▶ [Data for processing]:
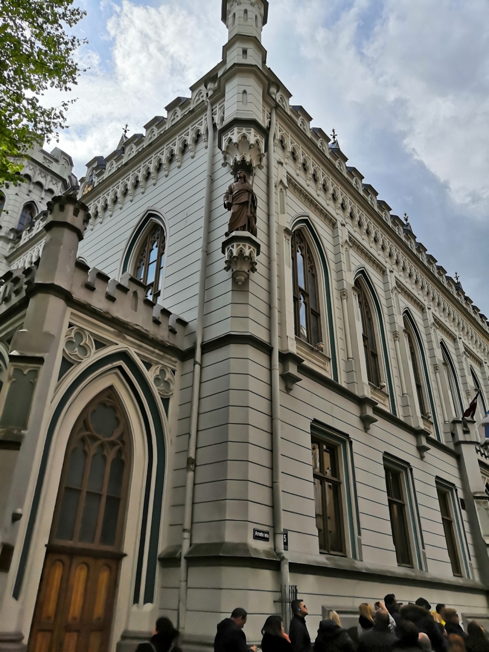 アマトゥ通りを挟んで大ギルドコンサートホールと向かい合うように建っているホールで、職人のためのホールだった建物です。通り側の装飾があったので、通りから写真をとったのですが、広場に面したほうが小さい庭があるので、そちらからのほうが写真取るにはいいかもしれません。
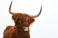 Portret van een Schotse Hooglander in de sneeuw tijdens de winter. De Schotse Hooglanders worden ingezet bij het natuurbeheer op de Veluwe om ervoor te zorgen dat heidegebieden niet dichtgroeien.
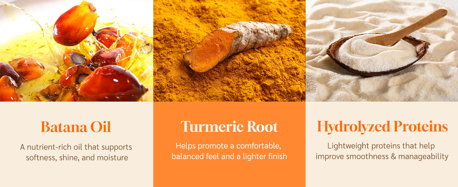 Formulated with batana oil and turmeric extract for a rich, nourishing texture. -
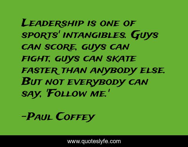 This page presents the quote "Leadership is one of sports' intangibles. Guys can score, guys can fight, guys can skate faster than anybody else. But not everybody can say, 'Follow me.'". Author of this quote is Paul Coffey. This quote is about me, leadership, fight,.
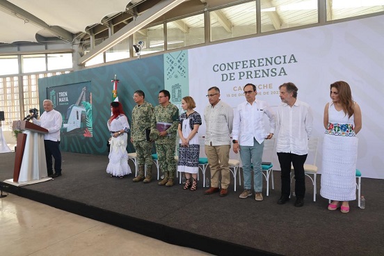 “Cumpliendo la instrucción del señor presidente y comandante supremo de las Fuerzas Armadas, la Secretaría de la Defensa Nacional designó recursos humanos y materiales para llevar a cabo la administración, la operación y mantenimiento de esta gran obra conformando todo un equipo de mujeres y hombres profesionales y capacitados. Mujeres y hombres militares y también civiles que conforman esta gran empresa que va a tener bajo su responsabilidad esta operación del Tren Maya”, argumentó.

--

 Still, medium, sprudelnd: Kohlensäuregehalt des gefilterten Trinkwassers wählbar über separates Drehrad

▶ [What to produce]: The line holding "Portret van een" starts the copy and the line holding "Formulated with batana" ends it. Repeat those two lines above and all between them exactly, leaving out pictures.

▶ [Completed exercise]:
 Portret van een Schotse Hooglander in de sneeuw tijdens de winter. De Schotse Hooglanders worden ingezet bij het natuurbeheer op de Veluwe om ervoor te zorgen dat heidegebieden niet dichtgroeien.
 Formulated with batana oil and turmeric extract for a rich, nourishing texture. -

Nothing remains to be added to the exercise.